The best way to ease the transition towards a smaller population would be to encourage people to work for longer, and remove the barriers that prevent them from doing so. State pension ages need raising. Mandatory retirement ages need to go. They're bad not just for society, which has to pay the pensions of perfectly capable people who have been put out to grass, but also for companies, which would do better to use performance, rather than age, as a criterion for employing people. Rigid salary structures in which pay rises with seniority (as in Japan) should also be replaced with more flexible ones. More immigration would ease labour shortages, though it would not stop the ageing of societies because the numbers required would be too vast. Policies to encourage women into the workplace, through better provisions for child care and parental leave, can also help redress the balance between workers and retirees.
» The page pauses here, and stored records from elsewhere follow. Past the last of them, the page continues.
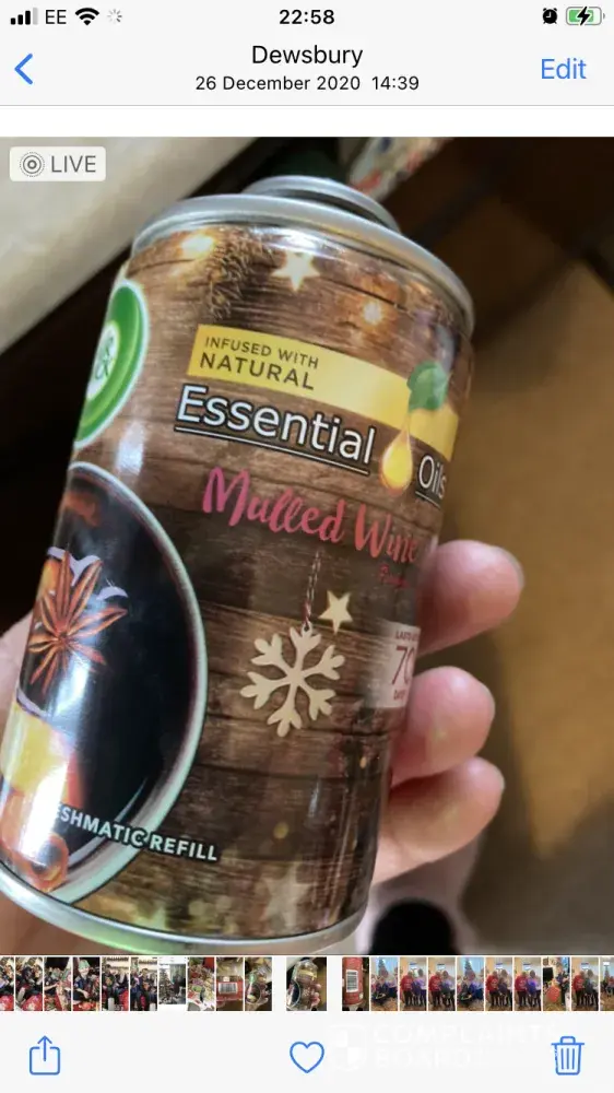 I bought a pack of two mulled wine refills and the top has broken off completely of one of them. I am annoyed as it is a full can and they are quite pricey to buy. The first airwic k product l bought was 14 years ago and has never been any bother, the latest one l have is really awkward to close it pops undone all the time not so good for arthritic hands. The new caps on the cans now are not so good as the original.
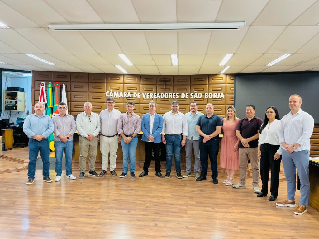 SANTO TOME. En la mañana de este jueves, el presidente del HCD Carlos Adolfo Farizano, el vicepresidente 1ro Santiago Saucedo, y la secretaria legislativa Giuliana Dal Vecchio; visitaron la Cámara de Vereadores de Sao Borja.
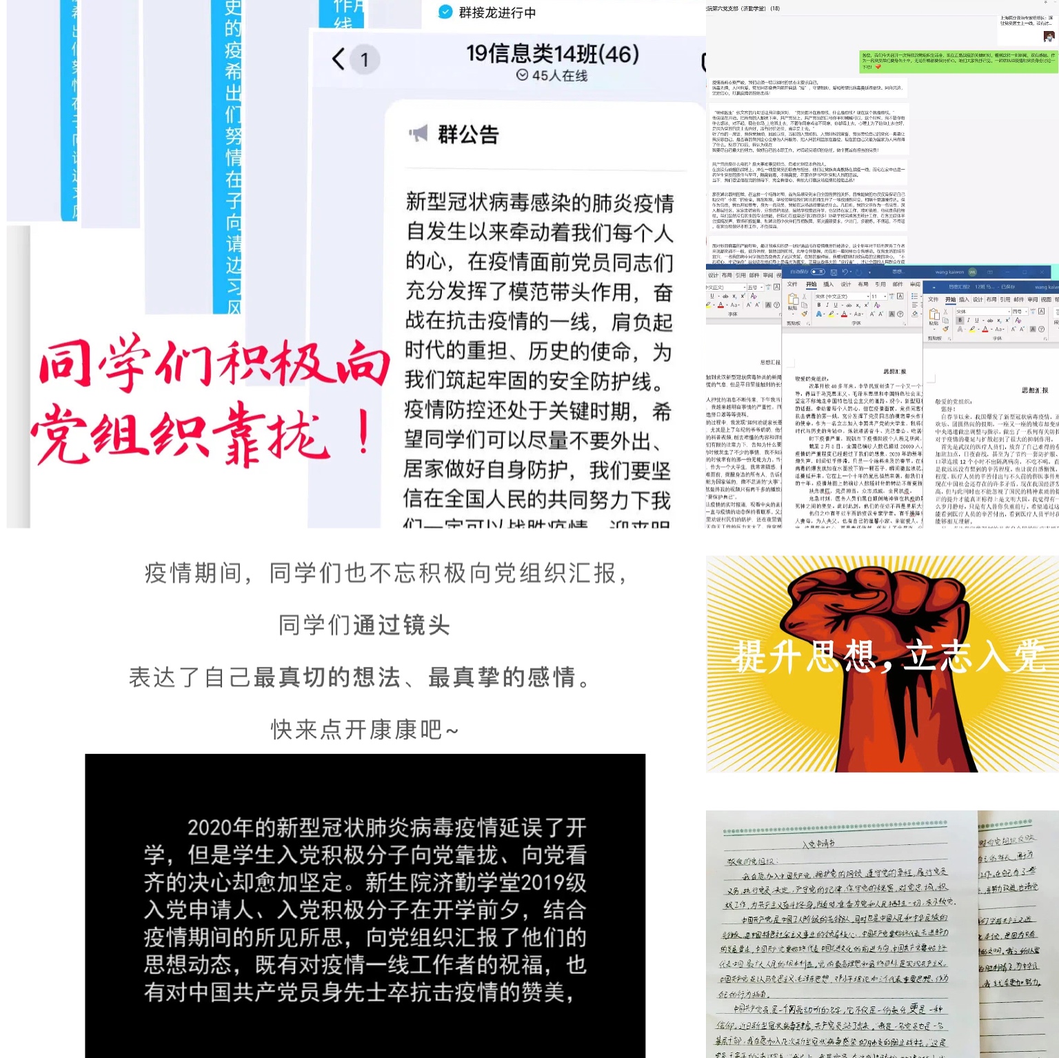 疫情期间,新生院济勤学堂通过20个班级群面向817名学生在线上再一次开展入党启蒙教育,又有一批学子递交入党申请书。学堂所在的新生院党委第六党支部举办了线上党组织生活、“寻找战疫中的优秀党员”主题思想汇报,以及带领学生创作“我承诺”系列组图,倡议“风雨同舟,济勤(寄情)武汉”,获得学子热烈响应。
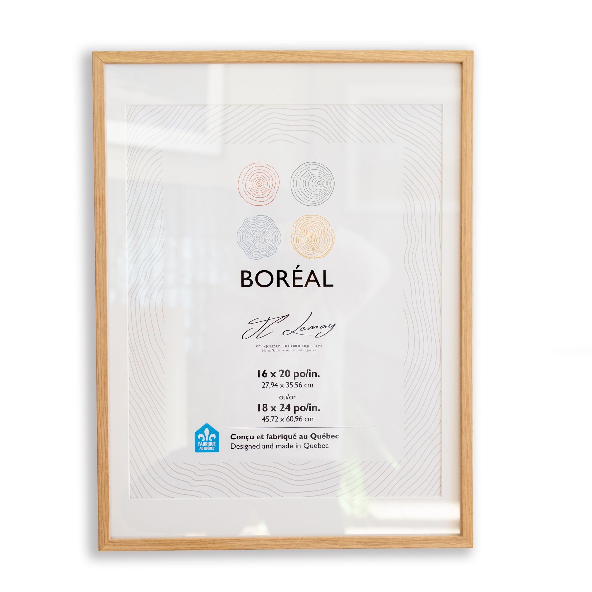 Moulding: real wood, manufactured in Quebec. Available in natural wood or dark wood.

I'm not sure Pittsburgh can do all that much to increase immigration, particularly the international kind, but the rest of the policies are within the region's influence. Workplace Pittsburgh should lead the way for reform, just as cities and states are taking environmental matters into their own hands. Of course, I'm not aware of any talent crisis in Pittsburgh. The job market is what is tight.
The Pittsburgh labor market should be more attractive than it is to businesses located elsewhere. Progressive workplace and workforce practices might help promote this opportunity. Am I wrong in thinking that there is an excess of talent in and around Pittsburgh?